» Exercise requirements
Your copy begins at the line with "Beerus Starry Sky" and runs through the end of the data below. Set down only those lines exactly, without pictures.

» Data excerpts
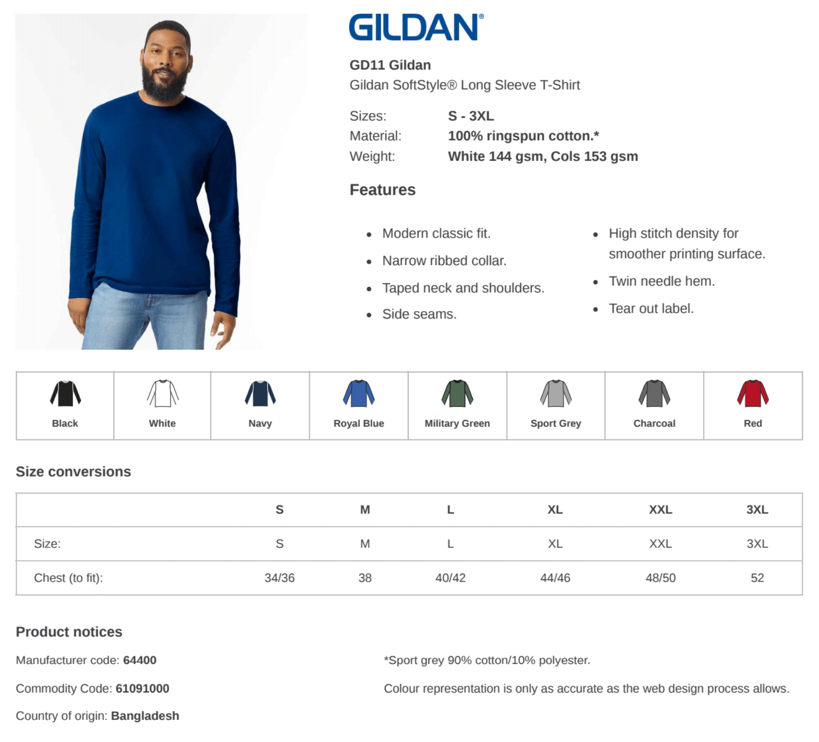 | Colour | G Black, G Charcoal, G Military Green, G Navy, G Red, G Royal, G Sport Grey, G White |
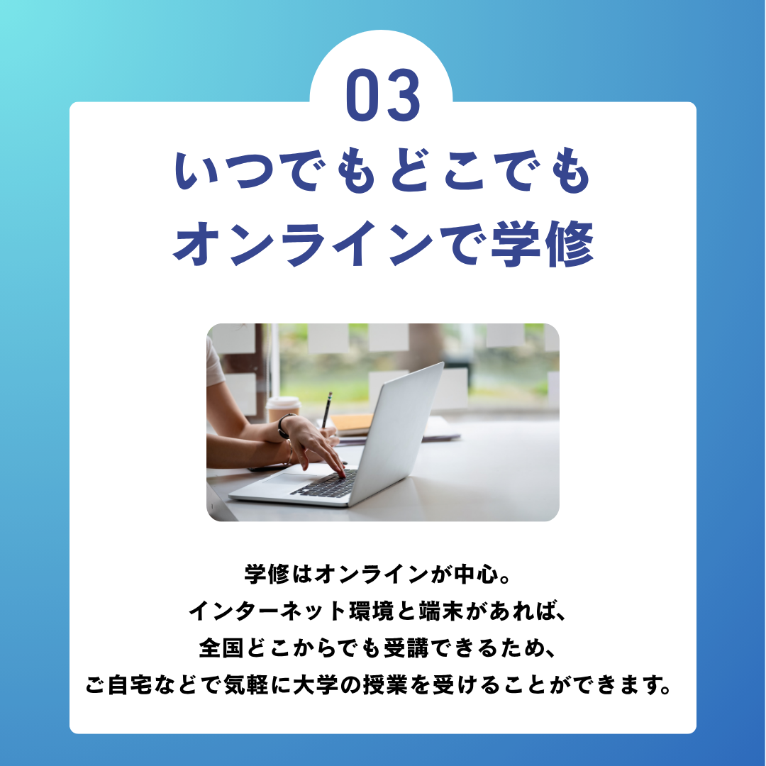 通信教育部で開講している共通科目と専門科目(経済経営学部、法学部、教育学部、文学部)の約250科目の中から、興味のある科目・学びたい科目を選択(1科目から最大30単位まで)し、学ぶことができます。
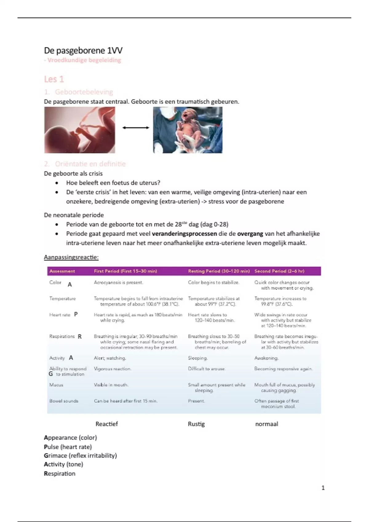 Samenvatting vak de pasgeborene dat gegeven wordt in het eerste jaar vroedkunde op KdG. Ik had met deze sv een 16/20. Alle informatie staat gestructureerd per les. Dit document bevat afbeeldingen om ook visueel te kunnen leren. De belangrijkste zaken worden steeds in fluo aangeduid of in vet gezet. Als je een vraag hebt, mag je gerust een beri
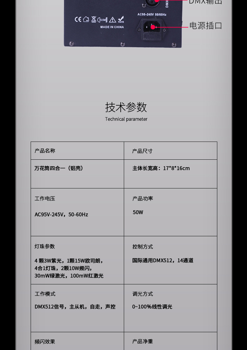 Caleidoscopio cuatro en uno lámpara de escenario estroboscópico colorido barra LED KTV equipo de iluminación de escenario comercio exterior exclusivamente en stock
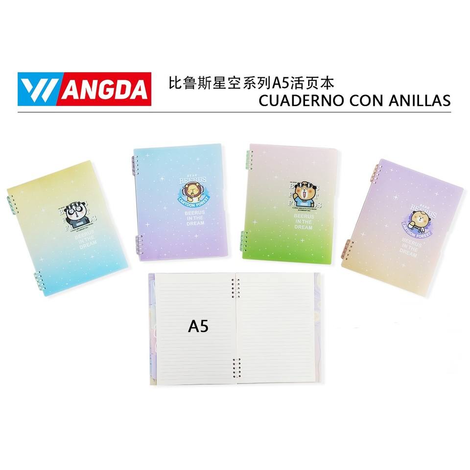 Beerus Starry Sky Series A5 Hard Cover Loose-leaf Book 100 Sheets Linen PP Cover Material Thermal Spiral Binding for Writing
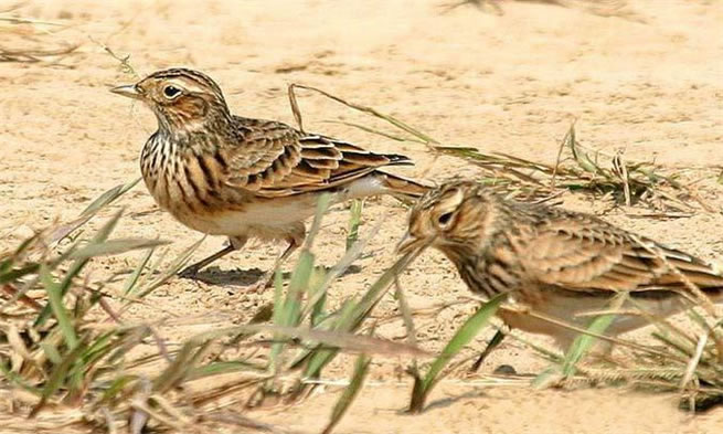 云雀有高昂悅耳的聲音。在求愛(ài)的時(shí)候,雄鳥會(huì)唱著動(dòng)聽的歌曲,在空中飛翔,或者響亮地拍動(dòng)翅膀,以吸引雌鳥的注意。營(yíng)巢在荒漠草地上凹坑處,也在種植植物的堤坎上或灌木叢中。巢呈淺杯形,用雜草、毛發(fā)、鳥羽、須根等構(gòu)成,其上有垂草掩蔽,免受風(fēng)和太陽(yáng)的傷害。繁殖期4—7月。每窩產(chǎn)卵3—5枚,卵灰色,布有褐色斑點(diǎn),在鈍端的斑點(diǎn)匯集為圓環(huán)狀。大小約為9~10厘米。兩性輪流孵化,孵化期12—13天雛鳥破殼而出。剛出殼的雛鳥赤身裸體,只在一些部位長(zhǎng)有絨羽,留巢期11天,這期間由雙親共同哺育,主要是喂食昆蟲的幼蟲。
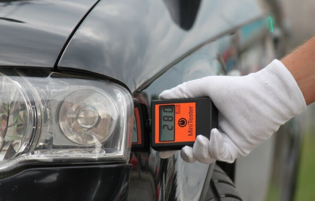 Можно использовать толщиномер краски, который позволит определить толщину лакокрасочного покрытия и сделать вывод о том, была ли машинаперекрашена. Так, например, мало какому сервису по кузовному ремонту удается покрасить автомобиль так же, как это делают на заводе. Поэтому толщина заводского слоя лакокрасочногопокрытия будет отличаться от перекрашенного.

» Result for this task
 Beerus Starry Sky Series A5 Hard Cover Loose-leaf Book 100 Sheets Linen PP Cover Material Thermal Spiral Binding for Writing
 云雀有高昂悅耳的聲音。在求愛(ài)的時(shí)候,雄鳥會(huì)唱著動(dòng)聽的歌曲,在空中飛翔,或者響亮地拍動(dòng)翅膀,以吸引雌鳥的注意。營(yíng)巢在荒漠草地上凹坑處,也在種植植物的堤坎上或灌木叢中。巢呈淺杯形,用雜草、毛發(fā)、鳥羽、須根等構(gòu)成,其上有垂草掩蔽,免受風(fēng)和太陽(yáng)的傷害。繁殖期4—7月。每窩產(chǎn)卵3—5枚,卵灰色,布有褐色斑點(diǎn),在鈍端的斑點(diǎn)匯集為圓環(huán)狀。大小約為9~10厘米。兩性輪流孵化,孵化期12—13天雛鳥破殼而出。剛出殼的雛鳥赤身裸體,只在一些部位長(zhǎng)有絨羽,留巢期11天,這期間由雙親共同哺育,主要是喂食昆蟲的幼蟲。
 Можно использовать толщиномер краски, который позволит определить толщину лакокрасочного покрытия и сделать вывод о том, была ли машинаперекрашена. Так, например, мало какому сервису по кузовному ремонту удается покрасить автомобиль так же, как это делают на заводе. Поэтому толщина заводского слоя лакокрасочногопокрытия будет отличаться от перекрашенного.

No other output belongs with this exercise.